* **Data section**:
'''

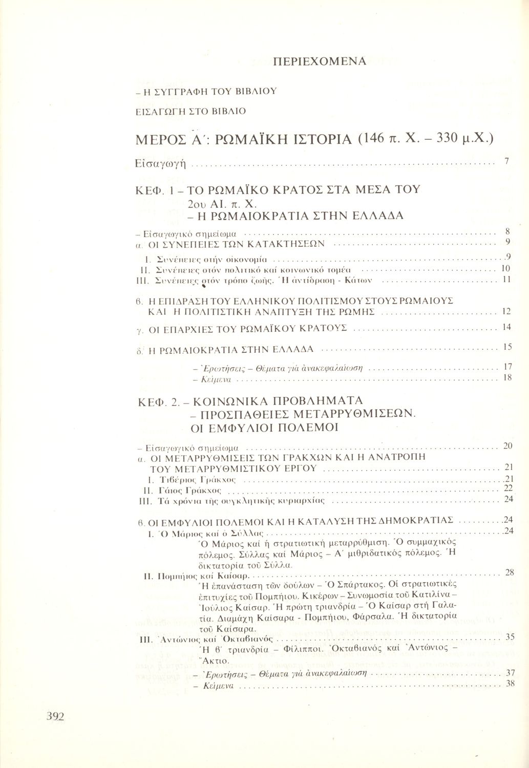 Σχολικό εγχειρίδιο Ιστορίας Β΄ Γυμνασίου που καλύπτει την περίοδο από την κατάληψη της Ελλάδας από τους Ρωμαίους ως την πτώση της Βυζαντινής Αυτοκρατορίας.
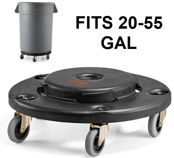 VEVOR Trash Can Dolly - fits 20-55gal trash cans - black
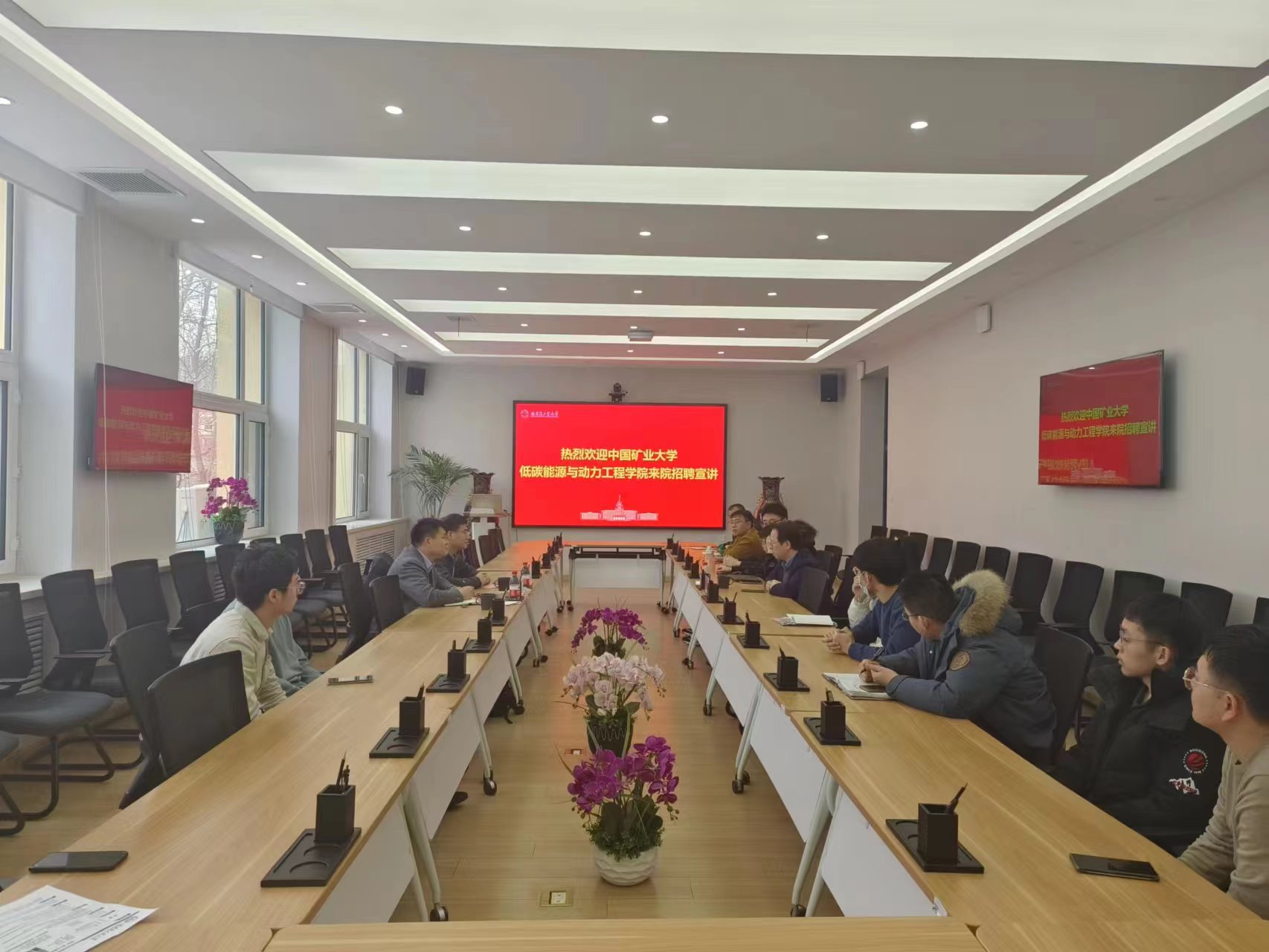 里番 党委书记赵义军向来院的二位嘉宾表示热烈欢迎,他希望通过此次交流宣讲,能全方位了解中国矿业大学的悠久历史,低碳能源与动力工程学院的发展脉络,为今后两院通力合作打下坚实基础,为人才培养搭建良好的互通桥梁。张磊表示,贵院有深厚的文化底蕴,强大的科研能力,一流的实验设施,培养的学生重基础,强实践,理论与实践结合较多,是中国矿业大学低碳能源与动力工程学院急需的人才,他希望在此次交流宣讲后,能加强两院的合作与交流,也欢迎有意向的里番 博士毕业生到院从事教学科研工作。
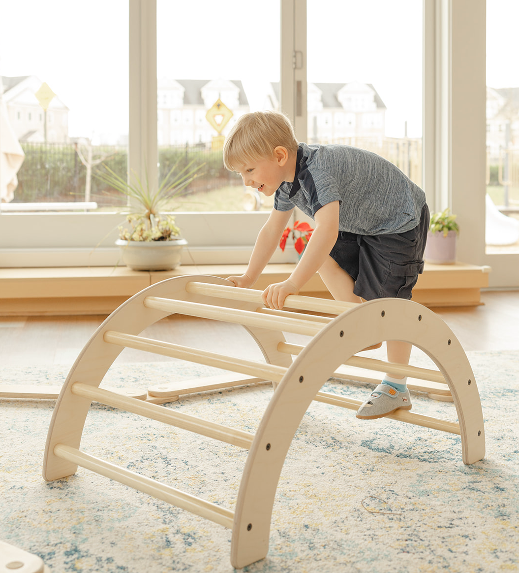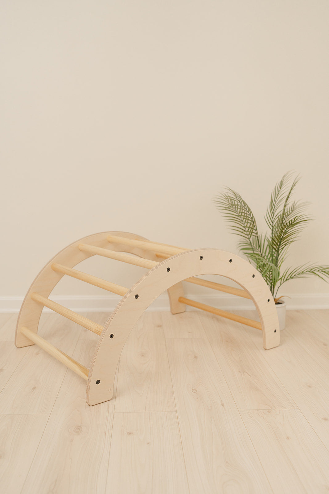 Crafted from high-quality birch plywood and poplar hardwood, the Climbing Arch features a simple and elegant design. The edges are rounded over and sanded smooth to ensure no sharp edges get in the way of your little’s next climbing session. The arch's height and width are designed to accommodate toddlers and young children, making it accessible and suitable for various age groups.
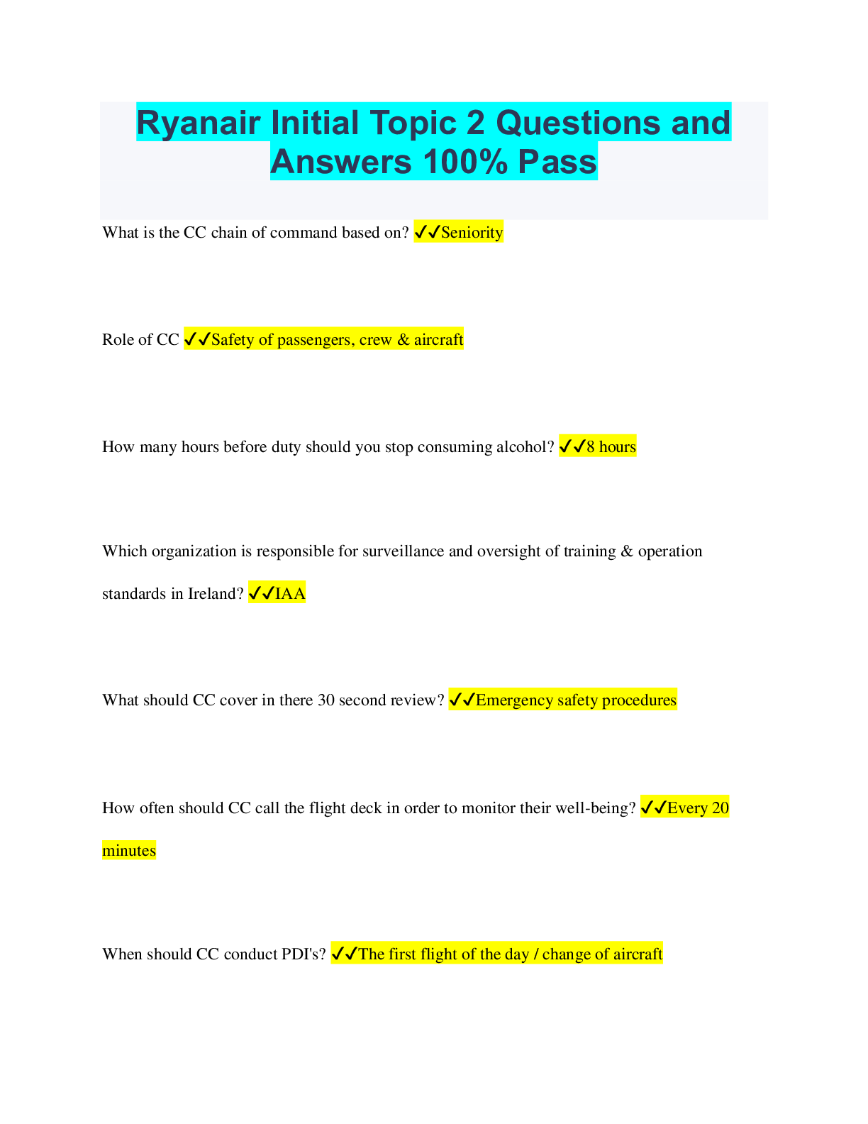 Ryanair security > QUESTIONS & ANSWERS > Ryanair Initial Topic 2 Questions and Answers 100% Pass (All)

'''

* **What the exercise asks**:
Write out the listing above exactly as it stands, pictures excluded.

* **Exercise result**:
 Σχολικό εγχειρίδιο Ιστορίας Β΄ Γυμνασίου που καλύπτει την περίοδο από την κατάληψη της Ελλάδας από τους Ρωμαίους ως την πτώση της Βυζαντινής Αυτοκρατορίας.
 VEVOR Trash Can Dolly - fits 20-55gal trash cans - black
 里番 党委书记赵义军向来院的二位嘉宾表示热烈欢迎,他希望通过此次交流宣讲,能全方位了解中国矿业大学的悠久历史,低碳能源与动力工程学院的发展脉络,为今后两院通力合作打下坚实基础,为人才培养搭建良好的互通桥梁。张磊表示,贵院有深厚的文化底蕴,强大的科研能力,一流的实验设施,培养的学生重基础,强实践,理论与实践结合较多,是中国矿业大学低碳能源与动力工程学院急需的人才,他希望在此次交流宣讲后,能加强两院的合作与交流,也欢迎有意向的里番 博士毕业生到院从事教学科研工作。
 Crafted from high-quality birch plywood and poplar hardwood, the Climbing Arch features a simple and elegant design. The edges are rounded over and sanded smooth to ensure no sharp edges get in the way of your little’s next climbing session. The arch's height and width are designed to accommodate toddlers and young children, making it accessible and suitable for various age groups.
 Ryanair security > QUESTIONS & ANSWERS > Ryanair Initial Topic 2 Questions and Answers 100% Pass (All)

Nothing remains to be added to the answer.